PROBLEM DESCRIPTION:
What is needed is a word-for-word copy of the listing below, without pictures.

SUPPLIED MATERIAL:
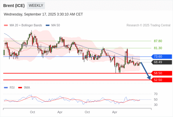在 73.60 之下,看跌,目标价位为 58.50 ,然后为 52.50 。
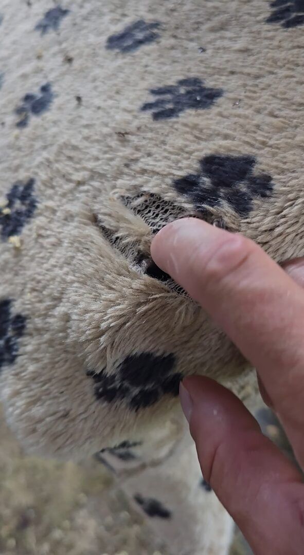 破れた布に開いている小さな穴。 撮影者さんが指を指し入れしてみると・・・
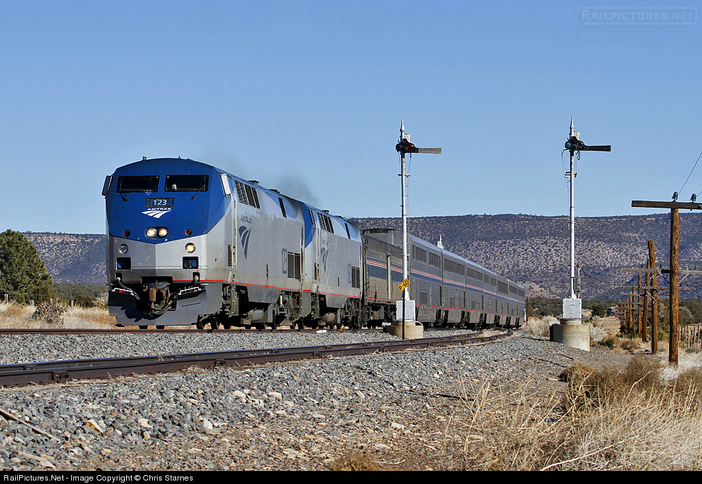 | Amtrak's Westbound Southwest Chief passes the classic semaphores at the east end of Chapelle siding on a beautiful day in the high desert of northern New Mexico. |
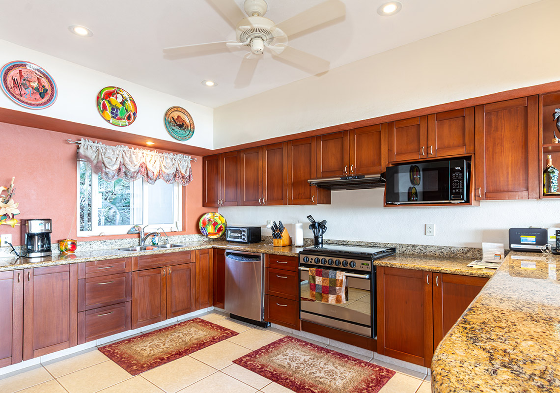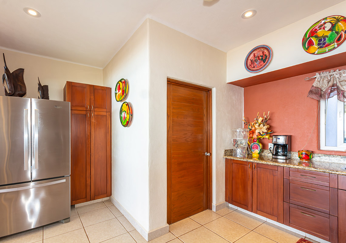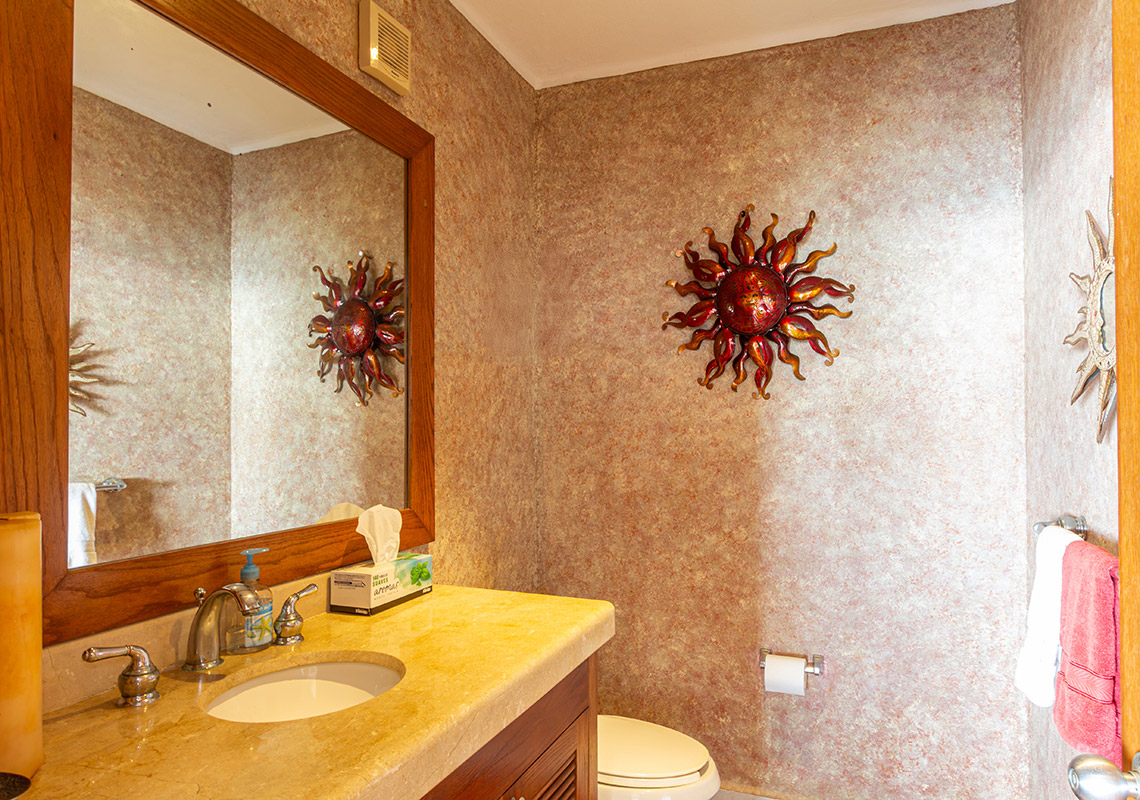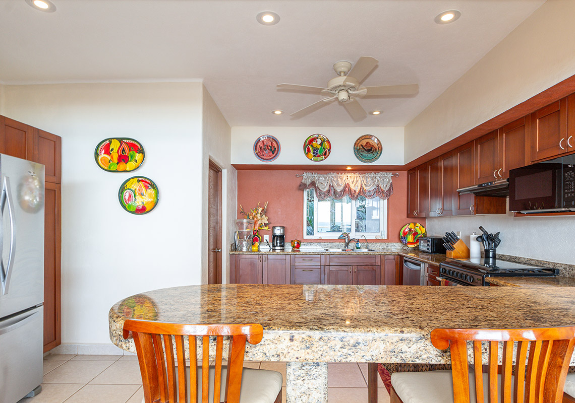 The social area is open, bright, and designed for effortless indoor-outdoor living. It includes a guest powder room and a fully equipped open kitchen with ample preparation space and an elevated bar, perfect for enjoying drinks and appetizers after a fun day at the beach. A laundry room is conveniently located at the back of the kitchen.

ANSWER TO THIS EXERCISE:
在 73.60 之下,看跌,目标价位为 58.50 ,然后为 52.50 。
 破れた布に開いている小さな穴。 撮影者さんが指を指し入れしてみると・・・
 | Amtrak's Westbound Southwest Chief passes the classic semaphores at the east end of Chapelle siding on a beautiful day in the high desert of northern New Mexico. |
 The social area is open, bright, and designed for effortless indoor-outdoor living. It includes a guest powder room and a fully equipped open kitchen with ample preparation space and an elevated bar, perfect for enjoying drinks and appetizers after a fun day at the beach. A laundry room is conveniently located at the back of the kitchen.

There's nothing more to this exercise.